*Task goal:*
Look below for the line with "chặt chém. |" and the line with "Now to find". Copy exactly those two lines and every line between, but not the pictures.

*Extracted data:*
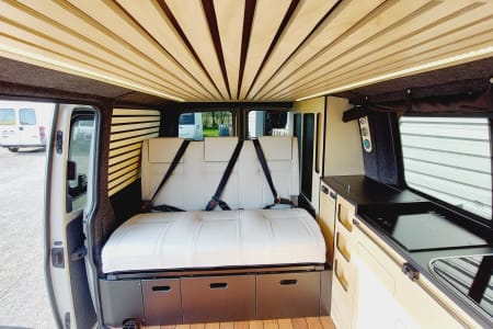 Equipé d'une banquette arrière 3 places convertible en lit et d'un toit relevable, ces 2 couchages vous offres un bon confort.
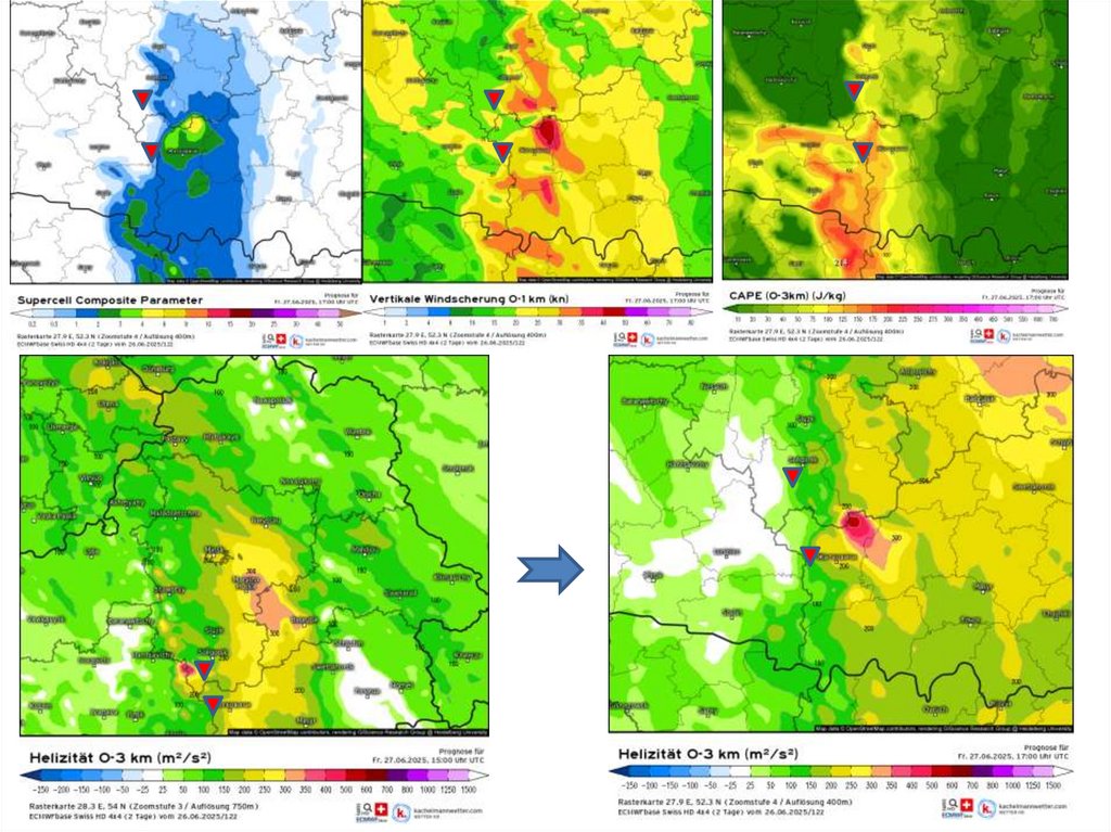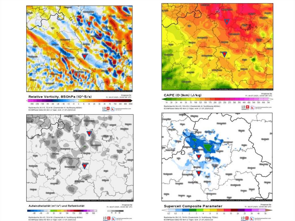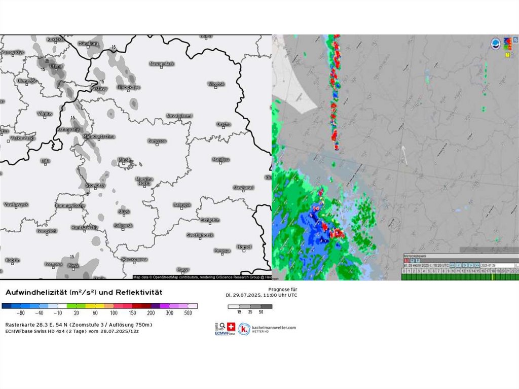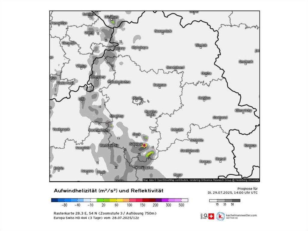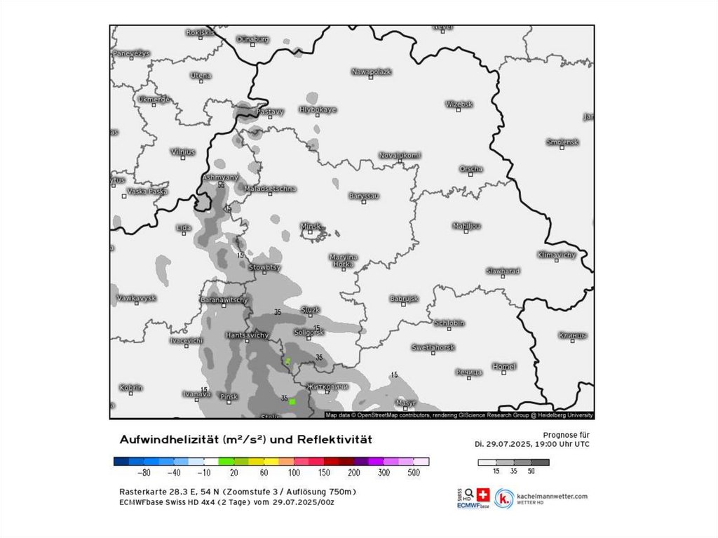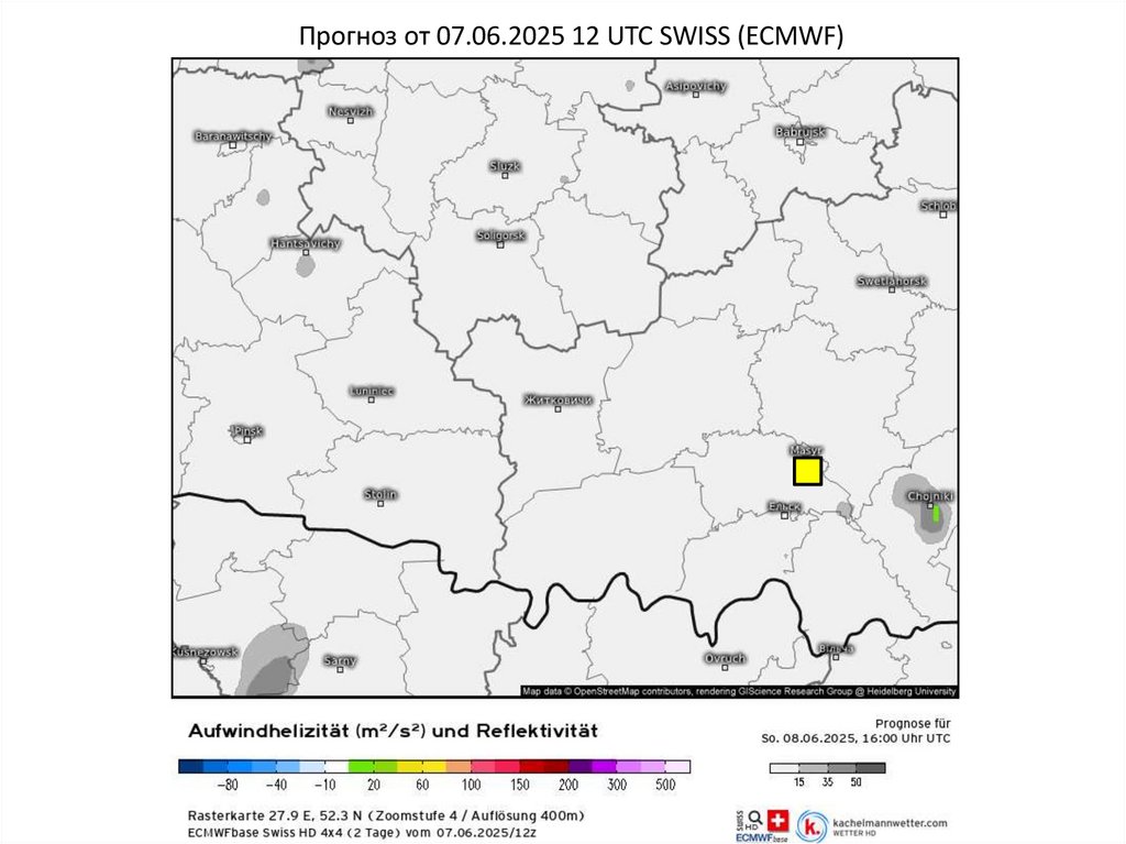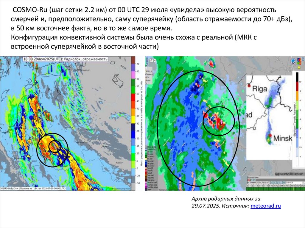 COSMO-Ru (шаг сетки 2.2 км) от 00 UTC 29 июля «увидела» высокую вероятностьсмерчей и, предположительно, саму суперячейку (область отражаемости до 70+ дБз),
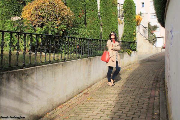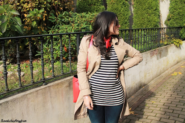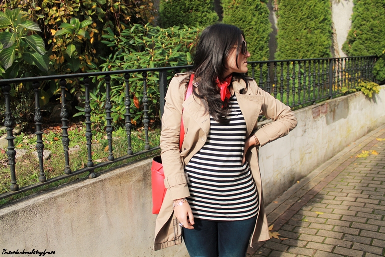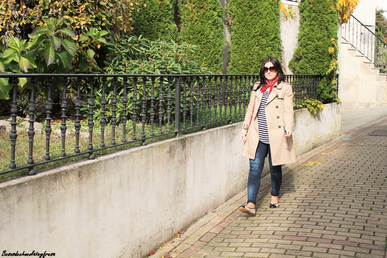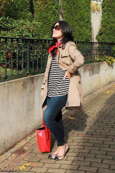 Compleo el look con jeans oscuros, camiseta holgada de rayas blanco y negro, trench nude a juego con las bailarinas tipo Chanel y bandana en rojo de mi tienda. ¿Qué os parece?
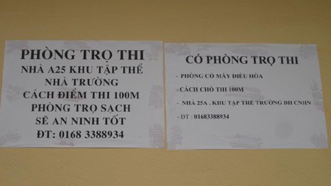 | Nhà trọ cho thí sinh thuê vào mùa chặt chém. |
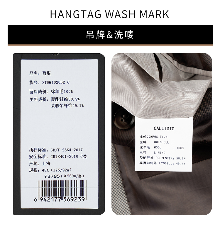 callisto咖啡色全羊毛西服 STBWJ020C
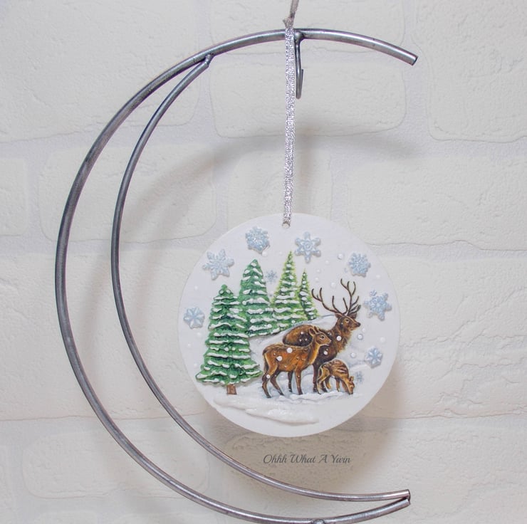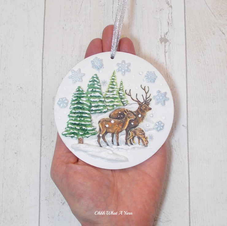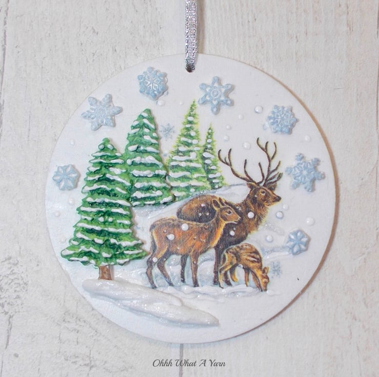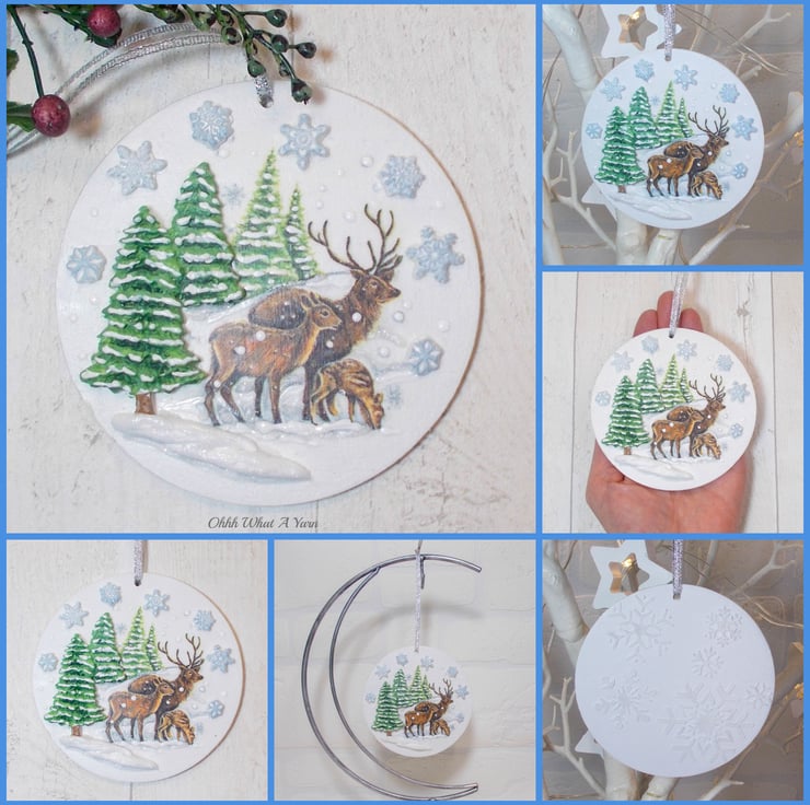 I have decoupaged it with a winter deers napkin. I have added hand painted details to the deer image including some glittery snowy 3D effect paint. I have also added 2 air dry clay 3D trees and air dry clay snowflakes which I have painted with acrylic paints.
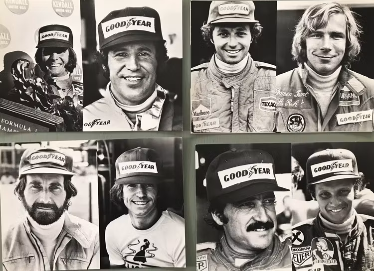 Nio fotografier på 18 F1-förare, alla iklädd GY-mössa utom James Hunt, förstås...
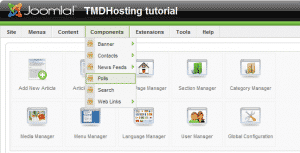 Now to find out what are visitor’s opinions toward our new site, we will place a poll. To do this, we choose Components -> Polls from the top menu:
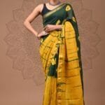 Make a bold fashion statement with this breathtaking yellow-green Maheshwari silk saree featuring an artistic tie-dye effect. The vibrant yellow dominates the body with elegant green accents creating a stunning contrast that catches the eye. This handcrafted piece showcases the exceptional skill of traditional artisans with its hand-woven designer golden zari border that adds a touch of luxury. The unique tie-dye pattern creates a one-of-a-kind look, ensuring you stand out at any gathering. The 5.30-meter saree comes complete with a matching 0.90-meter blouse piece in the same premium fabric. The lightweight yet durable Maheshwari silk ensures comfort throughout the day while maintaining its graceful drape. Perfect for festivals, celebrations, or any occasion where you want to showcase your distinctive style and appreciation for traditional craftsmanship.

*Exercise response:*
 | Nhà trọ cho thí sinh thuê vào mùa chặt chém. |
 callisto咖啡色全羊毛西服 STBWJ020C
 I have decoupaged it with a winter deers napkin. I have added hand painted details to the deer image including some glittery snowy 3D effect paint. I have also added 2 air dry clay 3D trees and air dry clay snowflakes which I have painted with acrylic paints.
 Nio fotografier på 18 F1-förare, alla iklädd GY-mössa utom James Hunt, förstås...
 Now to find out what are visitor’s opinions toward our new site, we will place a poll. To do this, we choose Components -> Polls from the top menu:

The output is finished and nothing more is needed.